Content starts

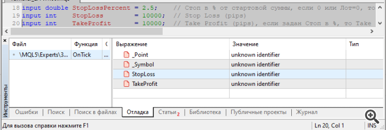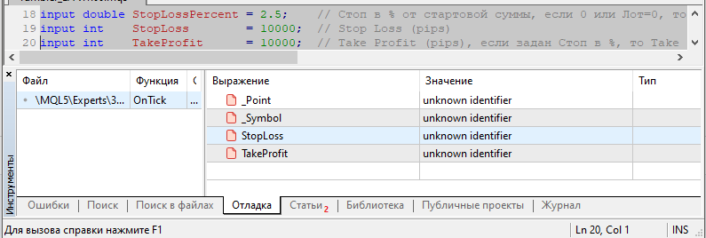 При отладке, почему то не показывает значения предопределённых переменных и input переменных.
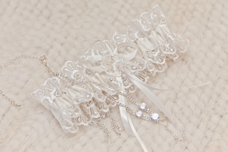 Beautiful bridal garter of bride light white color
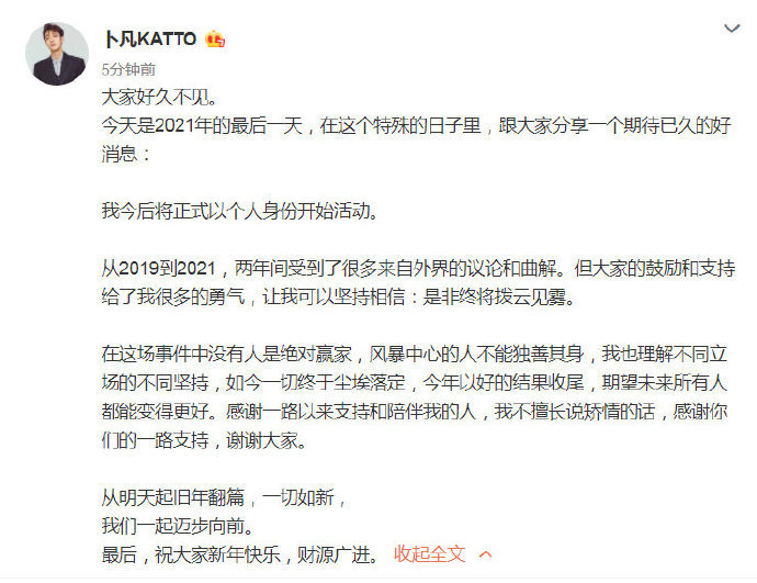 卜凡表示公司的业务安排影响了他的学业,退团是为了完成学业⬇️
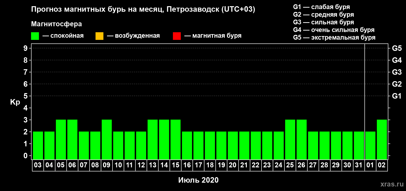 Прогноз магнитных бурь в Петрозаводске — 3 июля 2020 года

Content ends

## PROBLEM
Only the lines from the one containing "Beautiful bridal garter" through the end of the listing should be output, word for word and inclusive; keep pictures out.

## ANSWER TO THE PROBLEM
 Beautiful bridal garter of bride light white color
 卜凡表示公司的业务安排影响了他的学业,退团是为了完成学业⬇️
 Прогноз магнитных бурь в Петрозаводске — 3 июля 2020 года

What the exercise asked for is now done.